Thought I would give an update. Had to stop Femara. Lasted about 7 weeks. Bones, muscles and joints are so sore, cant lift my arms over my head. Pain Dr said it won't get better and it will take about a month for se to go away when they are this bad. Onco says should go away in 5-6 days, I tend to believe the pain doctor.
Right leg is still 2x the size of left, from rad tattoo on calf to hip. Both say lymphedema and suggest a stocking during the day, cant even reach feet to put on socks.
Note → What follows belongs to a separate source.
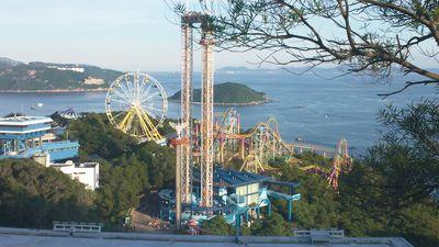 | Pour le 15 Aout, pendant que certains se mangeaient une entrecote a 9h le matin, nous sommes partis faire le parc d attraction de Ocean Park. Je tanais Vincent depuis plusieurs jours pour aller a Disney Land a Hong Kong mais quand on a vu qu il etait petit et beaucoup moins bien que celui de Paris, on s est decide pour l autre parc qui est plus un parc a sensations construit a cote de la mer. |

Will see what the le specialist says and will have to have someone come to put it on in the am.
Was on Cipro for IUD, that threw off the coumadin levels, bouncing between 1.5 and 4.1, now testing 2x a week. Says there is no real science will need to keep changing dosage until we get it back to 2 -2.5. He says have to really watch for internal bleeding and blood clots, said it will help with clots but no guarantee that I won't get more as blood clots can come from the cancer, anti-hormonal meds, as well as inactivity. Was told to exercise, but keep off my feet because of the swelling, so I exercise laying in bed.
Started Oxygen. Can't tell if it has made a difference. I am too worn out from fighting the pain. Trying so hard to be active, but honestly the only time I even feel good is when I am sleeping. I wake up happy, then try to get up and it all starts again. I keep trying to find community activities that may spark enough interest that makes me want to get up. I am working so hard trying to stay up! But honestly feel I am losing that battle too.
He tried to get me in a Acupuncture trial, but I do not qualify because I am stage IV. He said research has come so far, I said not for stage iv! I explained the numbers, how less than 3% of the monies is going to stage iv research. He was surprised so I gave him some sites. ie. Metavivor.com He does research and comes from NIH. I asked him if he would help me find a trial. Currently there are none at this cancer hospital/center for stage iv. I agree overall there is a lot of recognition and trials for stage 1 - 3, but not so much for stage iv. This past year was a little higher, because money was committed prior to grants being cut. He cant find anything that I qualify for.

hope67's picture
hope67
Posts: 166
Joined: Apr 2013

I am so sorry for all you are going through. Especially for the pain. I don't have any words of wisdom, I can only offer you my support and my positive thoughts.

Carmen

cinnamonsmile
Posts: 1049
Joined: Dec 2010

Carol,

I am so so sorry to hear of your continuing trouble.

If you are on Medicare, they will not pay for lymphedema garments, but there is someone that posted something on breastcancer.org about a letter to cicumvent Medicare not paying.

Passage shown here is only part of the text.